Гудошников пожал плечами. Гость топтался в прихожей, мял в руках фуражку. И уходить не уходит, и молчит.

– Да вы присаживайтесь, – предложил Никита Евсеич. – В ногах правды нет.

– Оно верно, нет, нет, – забормотал Сухоруков, садясь на табурет. – Вот жалею: что-то мы в гости не ходим друг к другу. А ведь по-соседски живем… Люди жить стали – каждый себе. Обчества нет. Я тоже по гостям не большой охотник, а тянет с человеком поговорить. Иной раз так защемит, так защемит… Дело к смерти, думаешь, вот и тянет к людям. Скотина-то и та, как болезнь почует – все к стаду жмется, к стаду… Вот вы, человек ученый, книжный, а все один да один.

– Я не один, – отмахнулся Гудошников! – У меня работы много, не скучаю. Да и заходят ко мне. Только что девушка была… Ах, какая она славная! Только силенок еще маловато. Огня в ней много, а силенок не хватает…

– У молодежи своя жизнь, у нас – своя, – рассудил сосед. – Интересы не сходятся.

– Еще как сходятся! – рассмеялся Гудошников. – У нас интересы сошлись! Не ждал не гадал, а вот – на тебе!

Сухоруков глянул на него подозрительно и, как показалось, недовольно, однако промолчал, и это еще больше развеселило Никиту Евсеича.

– А что?

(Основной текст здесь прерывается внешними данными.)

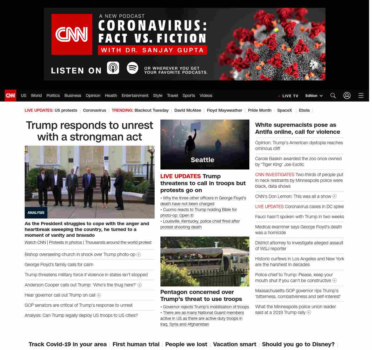 CNN1: FOXVCNN=|Trump responds to protests with a strongman act| ((lubuntu at wor3))
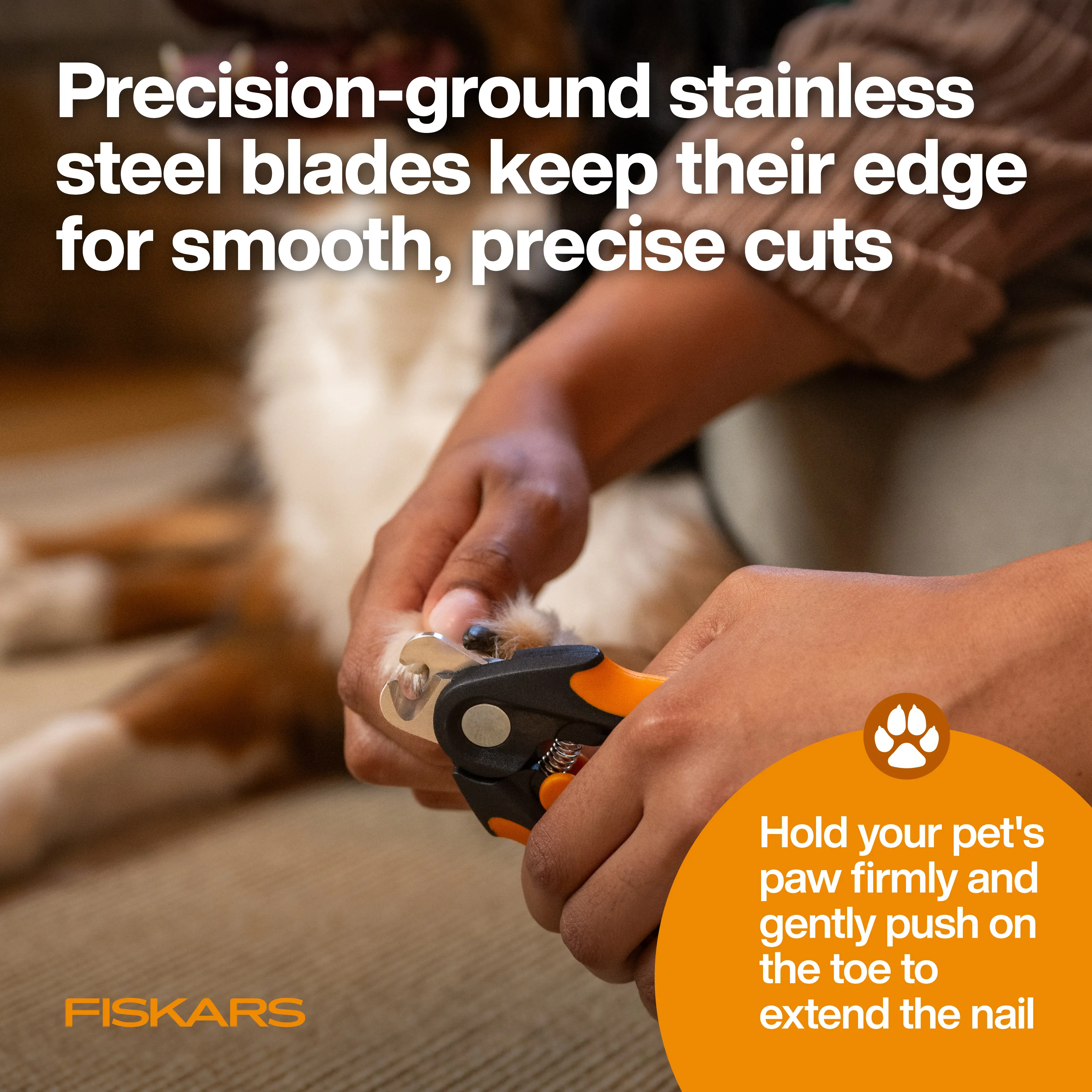 · Trim your pet's nails with improved visibility and control using Fiskars Nail Clippers

Возьму и женюсь! На молоденькой, а? Вот и вопрос с одиночеством решу.

– Седина в бороду – бес в ребро, – несмело улыбнулся сосед. – В наше время о душе думать надо, а вы про женитьбу…

– Ага, понял! – догадался Гудошников. – Уж не в секту ли агитировать меня пришли? Любопытно!

– Вы не смейтесь, – серьезно сказал Сухорукое. – Сегодня смеемся – завтра плакать будем. Жизнь-то так и устроена… Мы тут со стариками собираемся, беседуем. Вы бы пришли к нам, лекцию какую прочитали…

– Это куда же прийти?

– В домоуправление, куда еще, – сосед засобирался. – Мне пригласить поручено… Сегодня в восемь часов вечера.

– Если в домоуправление, то можно, – согласился Гудошников. – Я, грешным делом, подумал, к баптистам.

– Тогда я пойду, – пообещал Сухоруков. – В полвосьмого и зайду.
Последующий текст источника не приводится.